**What to do:**
Copy the data that follows exactly, and include none of its images.

**Given material:**
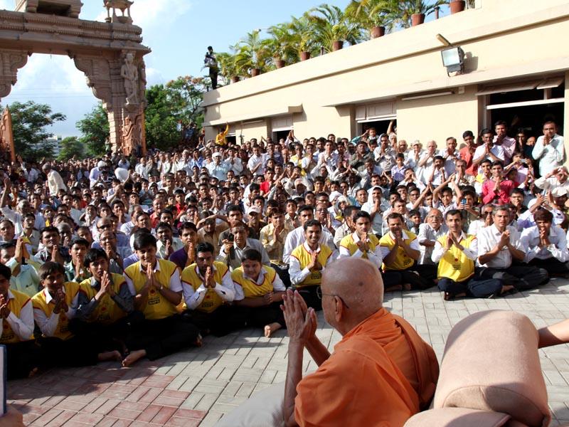 Devotees engaged in darshan of Swamishri
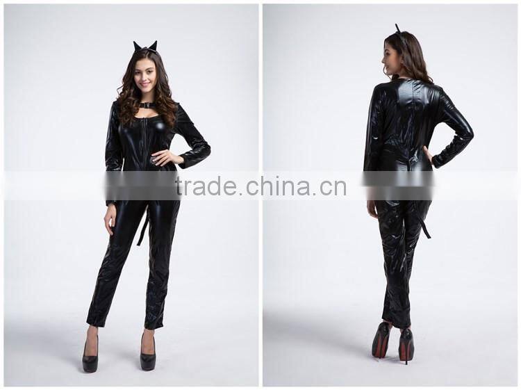 High quality black latex zipper front long romper sex sexy catwoman costume lingerie with tail |
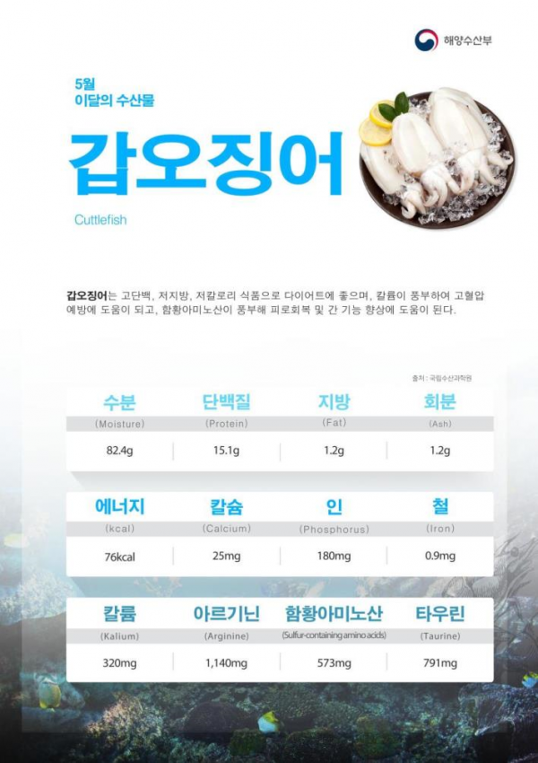 이달의 수산물 갑오징어, 키조개를 비롯한 수산물 관련 정보는 어식백세에서 자세히 확인할 수 있다.
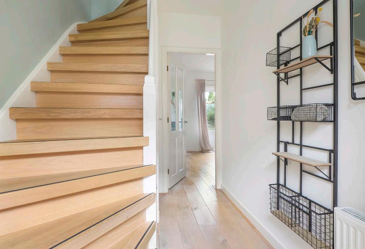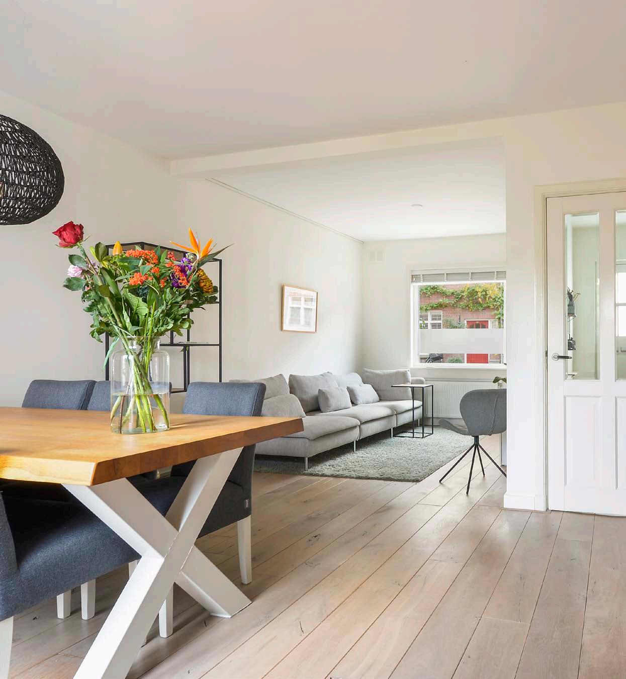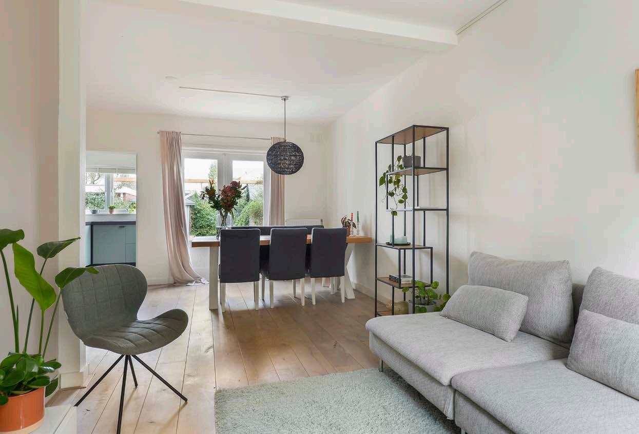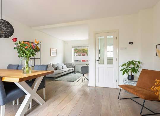 De woonkamer heeft een keurige afwerking met een massief eiken houten vloer en licht gestucte en geschilderde wanden. Een perfecte basis waar jij al leen nog hoeft na te denken over de inrichting. Door de ramen en openslaande deuren naar de ach tertuin valt het daglicht naar binnen en heb je leuk zicht op de woonomgeving. Op zomerse dagen zet je de openslaande deuren open en haal je het mooie weer in huis!

**Completed task:**
 Devotees engaged in darshan of Swamishri
 High quality black latex zipper front long romper sex sexy catwoman costume lingerie with tail |
 이달의 수산물 갑오징어, 키조개를 비롯한 수산물 관련 정보는 어식백세에서 자세히 확인할 수 있다.
 De woonkamer heeft een keurige afwerking met een massief eiken houten vloer en licht gestucte en geschilderde wanden. Een perfecte basis waar jij al leen nog hoeft na te denken over de inrichting. Door de ramen en openslaande deuren naar de ach tertuin valt het daglicht naar binnen en heb je leuk zicht op de woonomgeving. Op zomerse dagen zet je de openslaande deuren open en haal je het mooie weer in huis!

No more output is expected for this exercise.